Очевидно, что во всех этих случаях говорится о пиршестве (шабаше, буйной тризне, буйном пире, празднике пыли и пепла) власть имущих, которые сравниваются с нечистью. Поэтому строки «Кто славно жил в морозы, / Тот ждет и точит зуб» имеют столь явную аналогию с написанной в том же году песней «Проложите, проложите..»: «Но не забудьте — затупите /Ваши острые клыки» («острые клыки» являются атрибутом вампиров, то есть той же нечисти).

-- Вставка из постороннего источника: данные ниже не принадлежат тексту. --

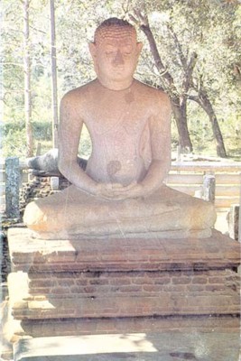 The granite rock statue is 7’3" in height, date back to the 4th century, shows the Buddha in a state of deep meditation , was found in 1888, with the nose damaged. Raven Hart in his "Ceylon - History in Stone" says that the repaired nose is oversharp and overlarge. The statue has had two jewels for the eyes which are said to have gone missing in around 1914. The canopy over the statue was constructed in 1959-1960. This perhaps is the world's best Buddha image so far discovered. The unsophisticated simplicity, calm strength and fortitude characterize the face of the Anuradhapura Buddha. The majestic seriousness of the face commands awe and respect.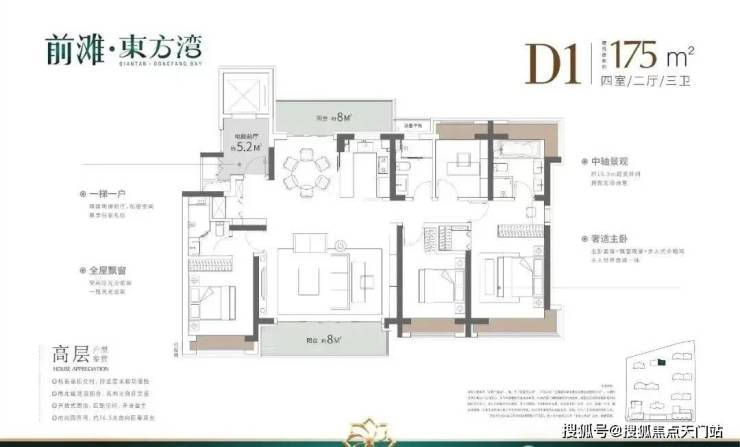 这3个户型三开间朝南、室内 “ 朝南2飘窗+1阳台 ” 、再加上 “2卫”、“动静分离” 的设计,不管是采光、视野、通风、私密性,还是实用性都十分出色。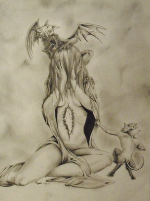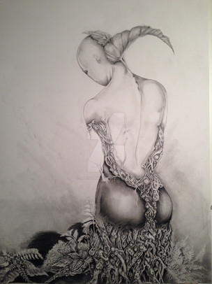 Rear view of a woman who is about to be engulfed literally in sexual desire.Related content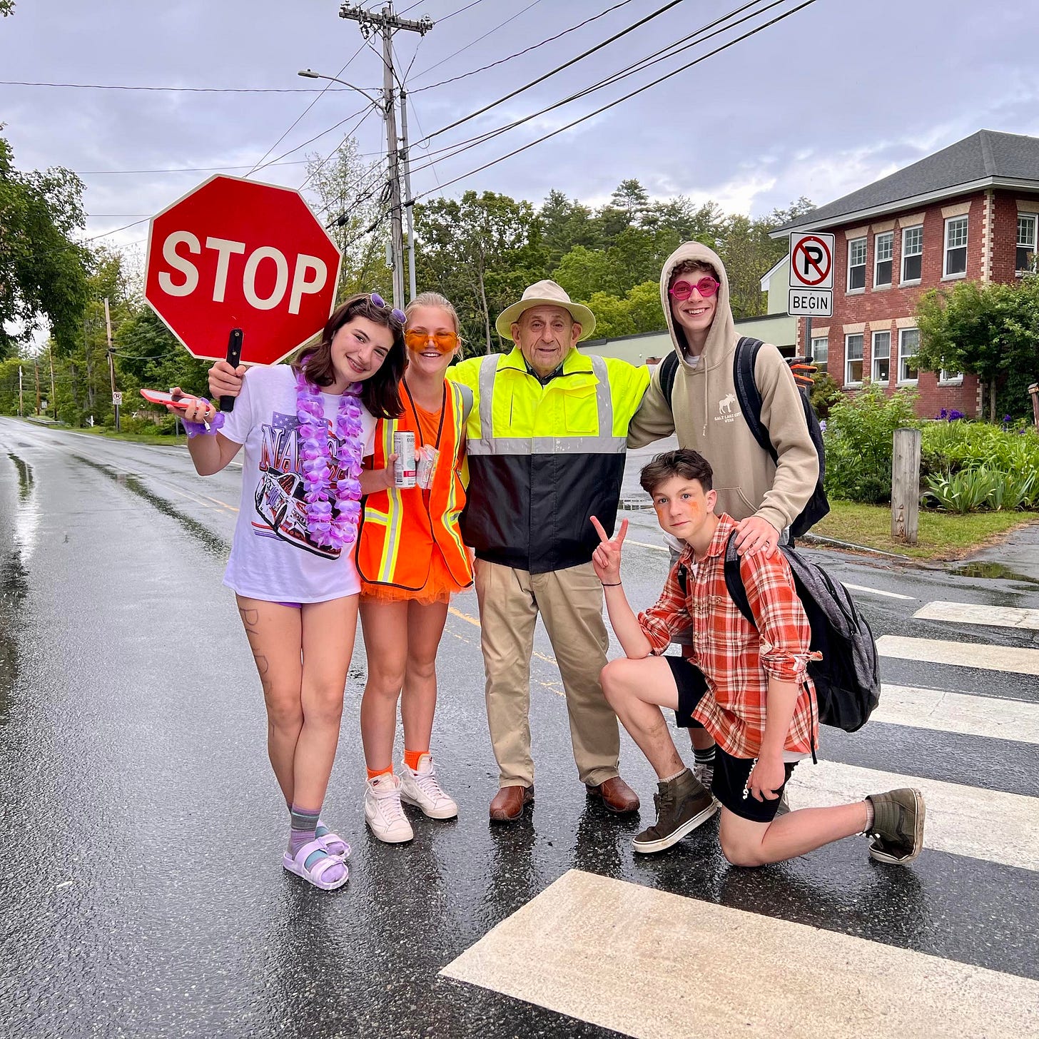 And a group photo with the crossing guard on their way home (photo taken by Emma Cottage).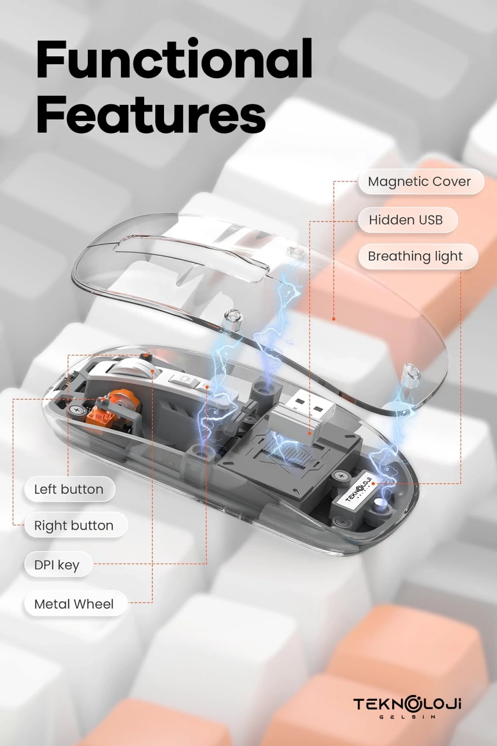 Yeni nesil Bluetooth + USB çift modlu kablosuz mouse, teknolojiyi zarafetle birleştirir. Ofis, okul veya ev ortamında kesintisiz çalışma için tasarlanan bu mouse, hem sessiz hem ergonomiktir. Şeffaf mıknatıslı kapağı, modern tasarımıyla estetik bir görünüm sunarken, Type-C hızlı şarj desteğiyle uzun ömürlü bir kullanım sağlar.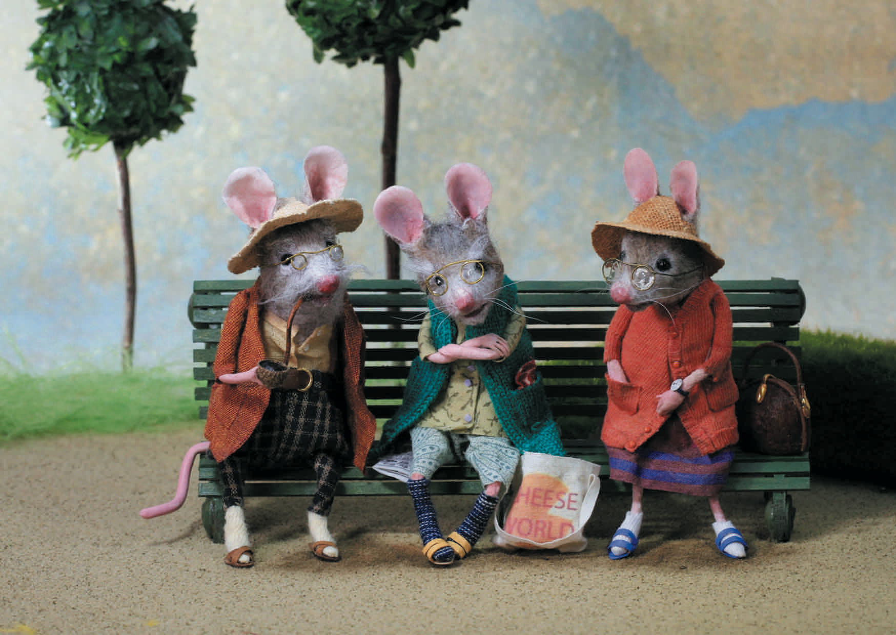 Drei handgefertigte Mäuse in bunten Kleidern sitzen auf einer Bank im Park. Sie scheinen sich angeregt zu unterhalten und genießen den sonnigen Tag.

Борьба весны с морозом напоминает также поединок лирического героя со своим противником в дилогии «Честь шахматной короны» (1972): «Я всем этим только раззадорен — / Ох, как зачесались кулаки! <.. > Прячу нехорошую ухмылку» (АР-9169, 171) = «Голодная до драки. / Оскалилась весна»; «А играй по краю — напрямик!» = «И стрелы на карты ясны и прямы» (АР-2-100); «Мой соперник с дьяволом на ты!» /3; 384/ = «Играет с вьюгой свадьбу — / Не свадьбу, а шабаш»; «А он мою защиту разрушает» = «А в зимнем тылу говорят об успехах»; «Черные наглеют, наседают» (АР-13-75) = «И наглые сводки приходят из тьмы»[1504]: «Он мне фланги вытоптал слонами» (АР-13-75) = «И вдруг ударил с фланга / Мороз исподтишка»; «Вилка конем, я теряю ладью» (АР-1.3-75) = «И воины в легких небесных доспехах / С потерями вышли назад из котла» (такая же ситуация была в «Черных бушлатах»: «Уходит обратно на нас поредевшая рота»). Но, несмотря на это, лирический герой уверен в конечной победе: «И он от пораженья не уйдет!» = «Я с верой в победу, я с жаждой успеха» (АР-2-104).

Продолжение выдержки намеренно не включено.